Alex Rampell, a general partner at Andreessen Horowitz (perhaps Silicon Valley’s most famous VC firm, backing Skype, Facebook, Twitter and real estate startups including Airbnb, Divvy Homes and FlyHomes), laid out his vision of the real estate industry’s future last month at a summit in Los Angeles.

Rampell argued that large companies’ access to resources will allow them to be more efficient and disruptive than small companies or agents ever could be. But, Rampell also argued, that isn’t a bad thing because there are “many reasons why it sucks to buy and sell a house right now.”

During his presentation, Rampell ticked off a list of home-selling pain points.

Agents may be good, he argued, but they also might be inexperienced. The industry is rife with conflicts-of-interest, such as when agents represent buyers, but make larger commissions from higher sale prices. Buyers regularly miss out on houses in hot markets because they don’t have cash.

Alex Rampell

And doing real estate transactions can take time.

“The fact that it takes such a long time to buy a house is one of the reasons it is such a terrible experience,” Rampell added.

But there are three forces working against these problems and giving large companies an upper hand, according to Rampell. The first is simply consumer preference, which means people are less willing to put up with the lag time in conventional real estate transactions.

“The idea of on demand is something that really is just a fundamental change in behavior, or rather consumer expectation,” Rampell said.

That gives a huge advantage to companies like Opendoor, which along with other iBuyers eliminates the need to wait for a sale.

Credit: Opendoor

Rampell’s second point was that technology and data allow larger companies to estimate prices and risk more accurately than smaller companies.

He pointed to Zillow’s Zestimate as one product that emerged out of a wave of data and noted that it’d be “hard for individual real estate agents” to come up with something equivalent.

Finally, Rampell’s third point was that after the housing bubble a decade ago, investors began looking for safe ways to put money into real estate.
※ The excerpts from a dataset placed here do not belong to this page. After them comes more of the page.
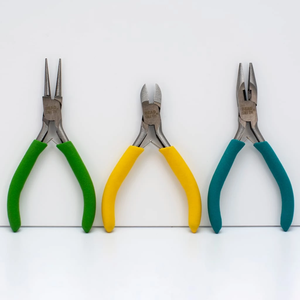 These pliers are color coded to ensure you pick up the right tool every time.Β Includes: Chain Nose with blue handle, Round Nose with green handle, Side Cutter with yellow handle.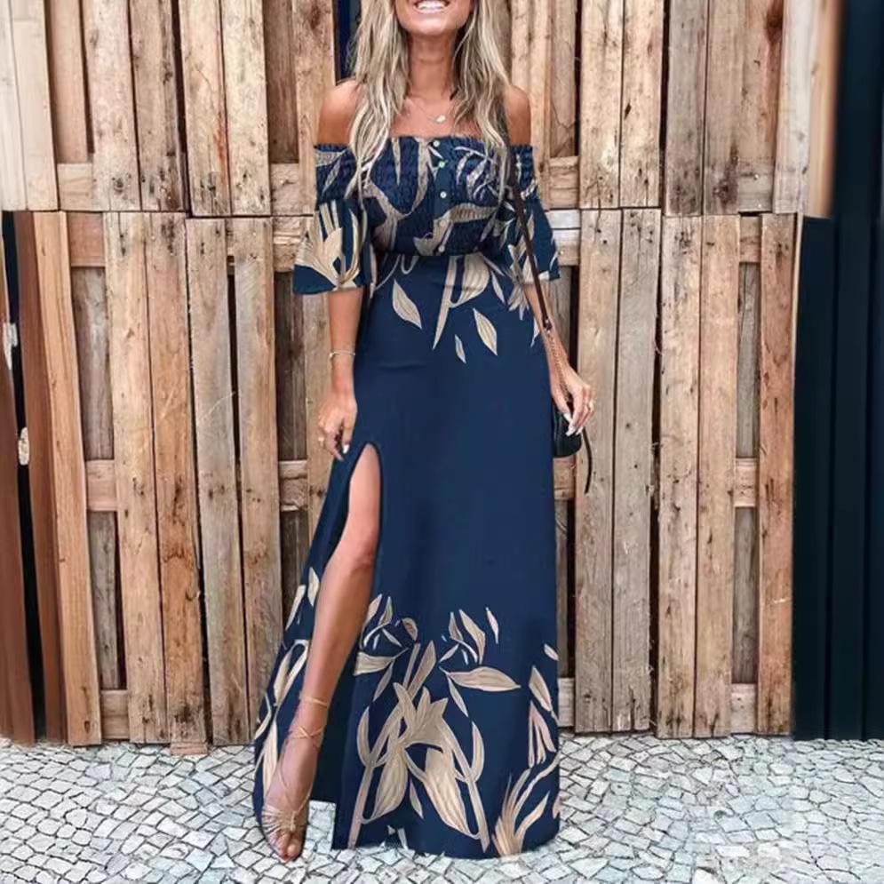 Tooxika Новое платье с разрезом и воротником одной линии, длинное платье с короткими рукавами и принтом на талии для женщин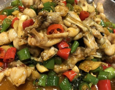 可以支付宝、刷卡及现金买单。点了牛蛙,点了苦瓜,点了干锅花菜,都很好吃。 周围环境是不错的
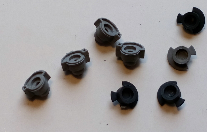Schornsteingitter, Bausatzteil und Flyhawkteil. Ich habe alle Ätzteile mit grauem Haftgrund aus der Dose (Autozubehör) behandelt, denn die Tamiya-Farben, mit denen ich ja das komplette Modell mache, sind ohne Grundierung kaum zum decken zu bekommen. Erschwerend kommt dazu, dass man sie bei diesen sommerlichen Temperaturen sehr schnell verarbeiten muss.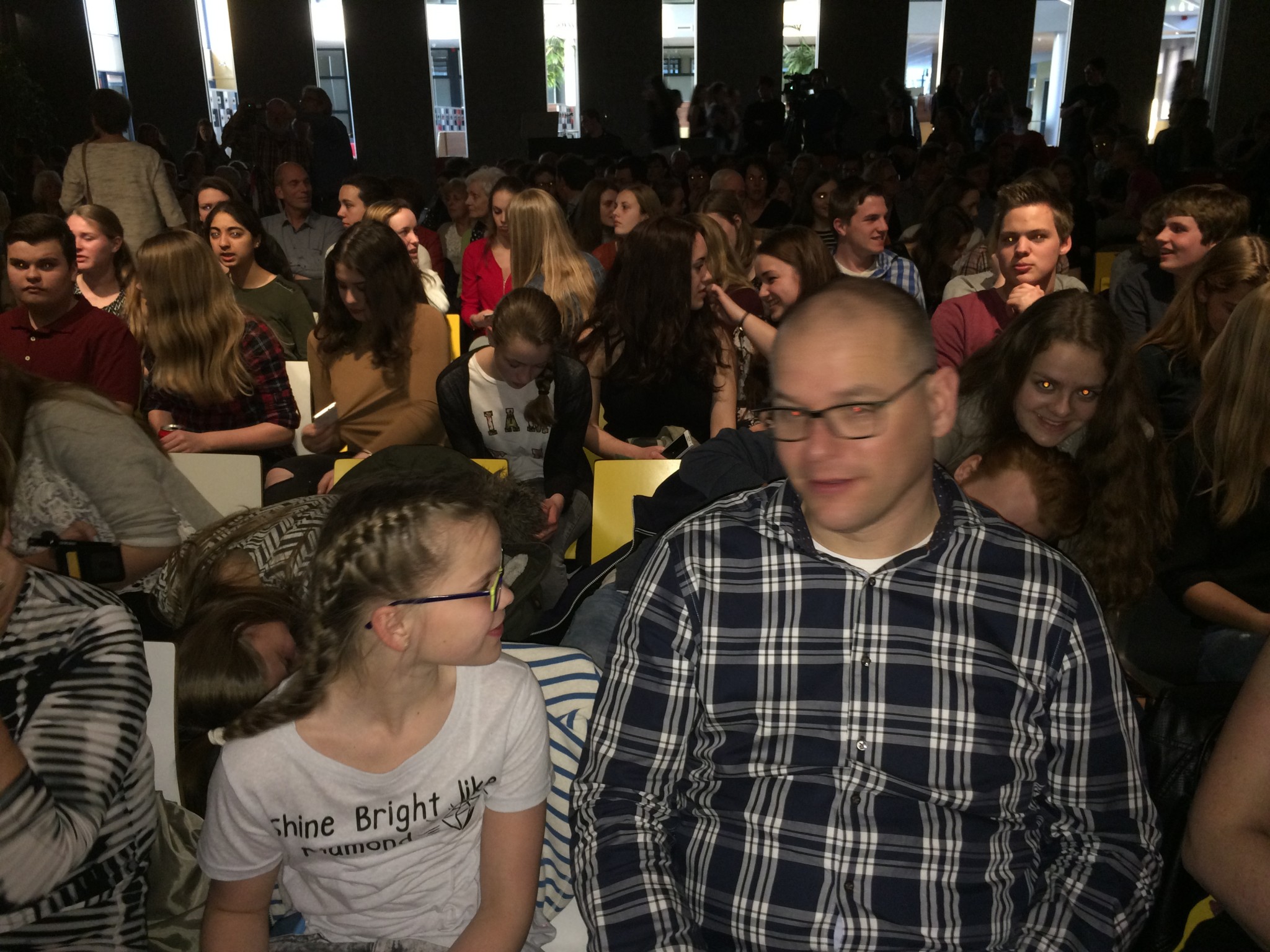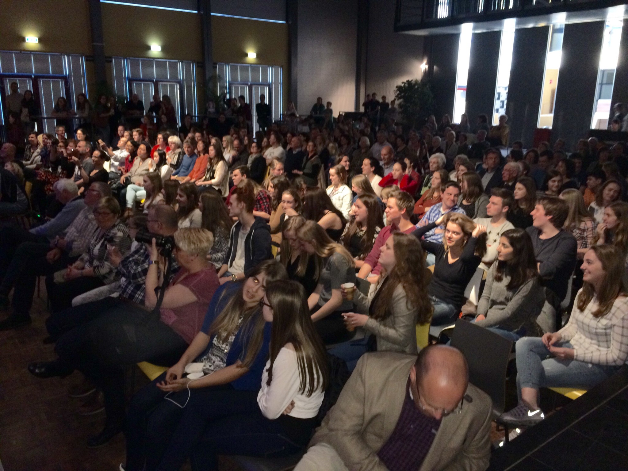 De 75 deelnemers en de 19 live acts van brugklassers, examenleerlingen en ook docenten van het Maaswaalcollege waren van een bovengemiddeld niveau! Dans, klassiek, rock ook akoestisch; het was er allemaal!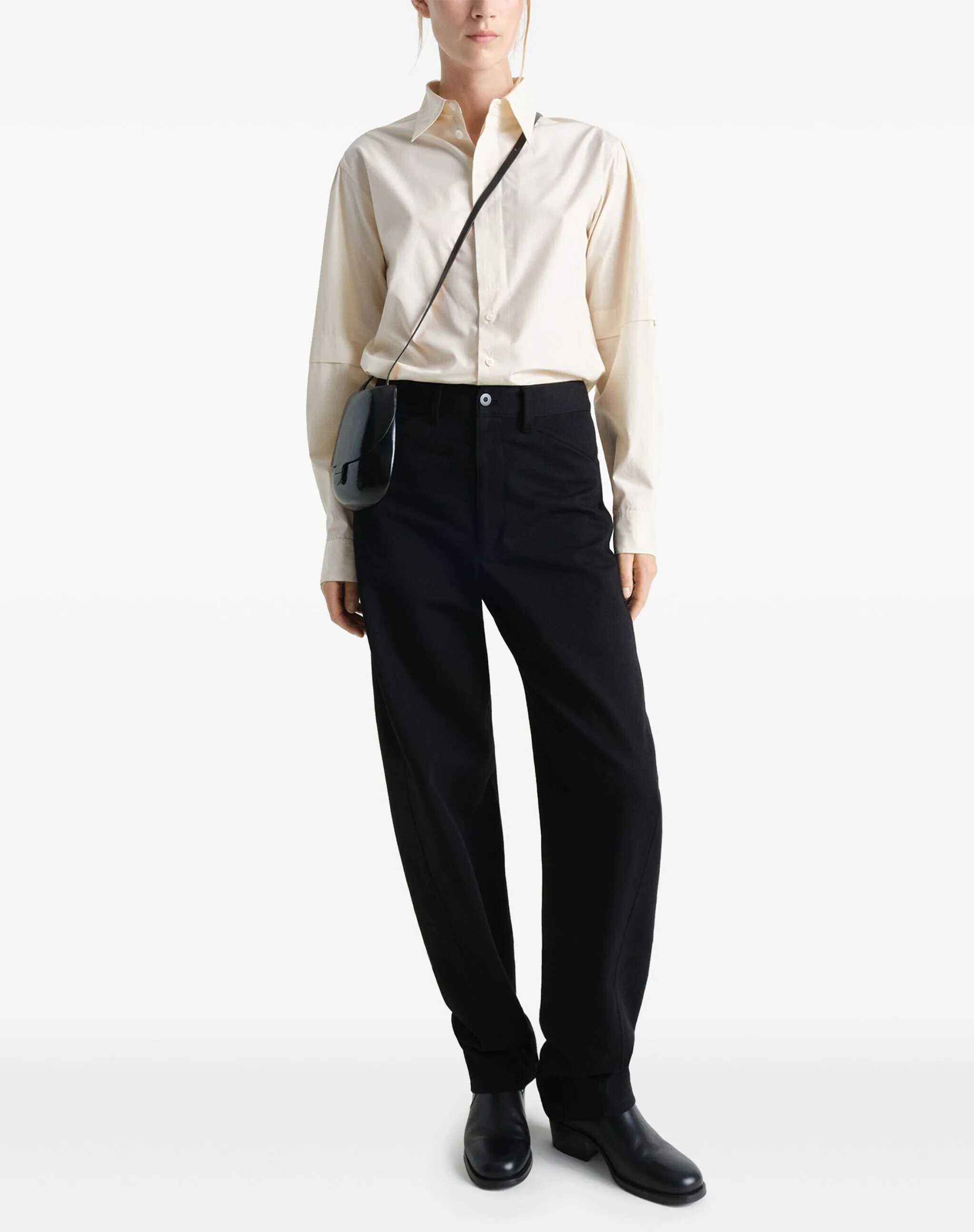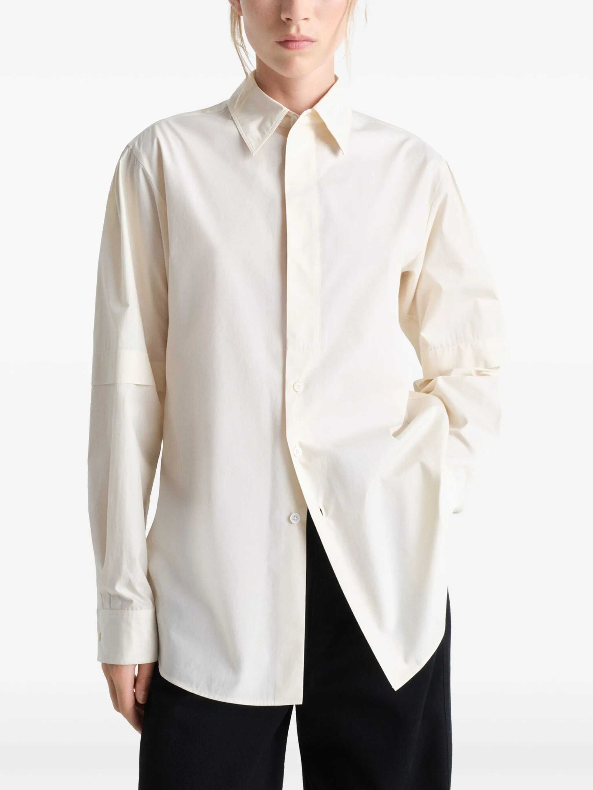 The Lemaire Cotton Shirt is an elegant and refined piece, perfect for those looking for a minimalist style with a touch of originality. The pointed collar gives it a classic silhouette, while the front button closure maintains a clean and sophisticated design. The slits on the sleeves add a distinctive and modern accent, which makes this shirt unique without being excessive.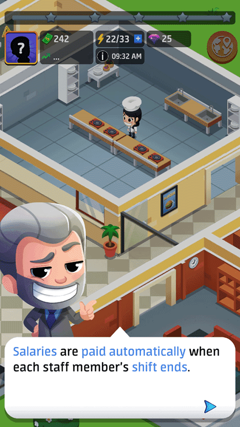 4、别忘了,厨师和所有其他工作人员都需要付钱!每个工作人员的轮班结束时,工资自动发放。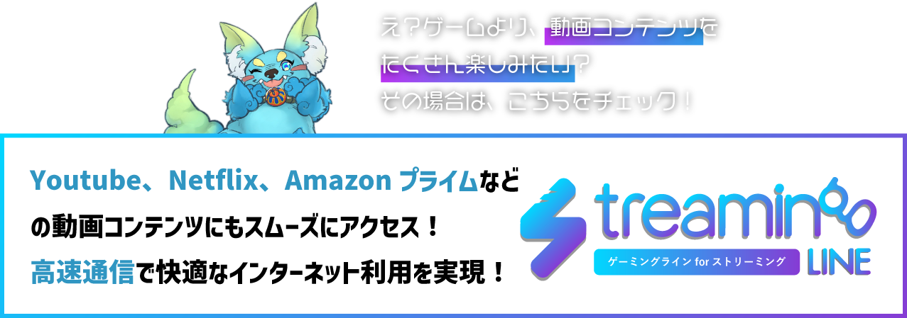 ゲーミングラインの場合、インターネットの速度に大きな影響を及ぼす宅内ルーターの性能が優れているため、ルーター機器をしっかりたいものにしたい!という方にもおすすめです。

That has produced businesses like FlyHomes, Rampell said, which is among a growing number of companies offering to help homebuyers pay cash.

None of these trends will be especially surprising to observers of the real estate industry, but Rampell’s take is a provocative one nonetheless because of how thoroughly it suggests big companies could dominate.

The implication seems to be that the real estate industry may face the same type of forces that reshaped, say, the book-selling world when mom-and-pop shops fell to Barnes and Noble and Amazon.

Andreessen Horowitz’s take on the industry is a significant one as well; the company has poured funding into an array of transformative enterprises including Facebook, Twitter, Airbnb and Lyft, among many others. The company is also investing in real estate, pouring millions, for example, into rent-to-own startup Divvy Homes earlier this fall.

During his presentation, Rampell described Divvy as one of several companies that are using technology and capital change to “what it means to actually own or rent a residence.” Other such companies include Starcity and its competitors that want to become the “WeWork of housing,” Rampell said.

“A real estate agent could do this theoretically,” he added, “but it’s very, very hard for them because it requires so much capital.”

If Rampell’s predictions pan out, Realtors will face a radically different career in the future. But he believes there will always be a place for agents of some kind.

“It doesn’t mean that real estate agents go away,” Rampell predicted, “it just means that it’s going to be under the rubric of a company.”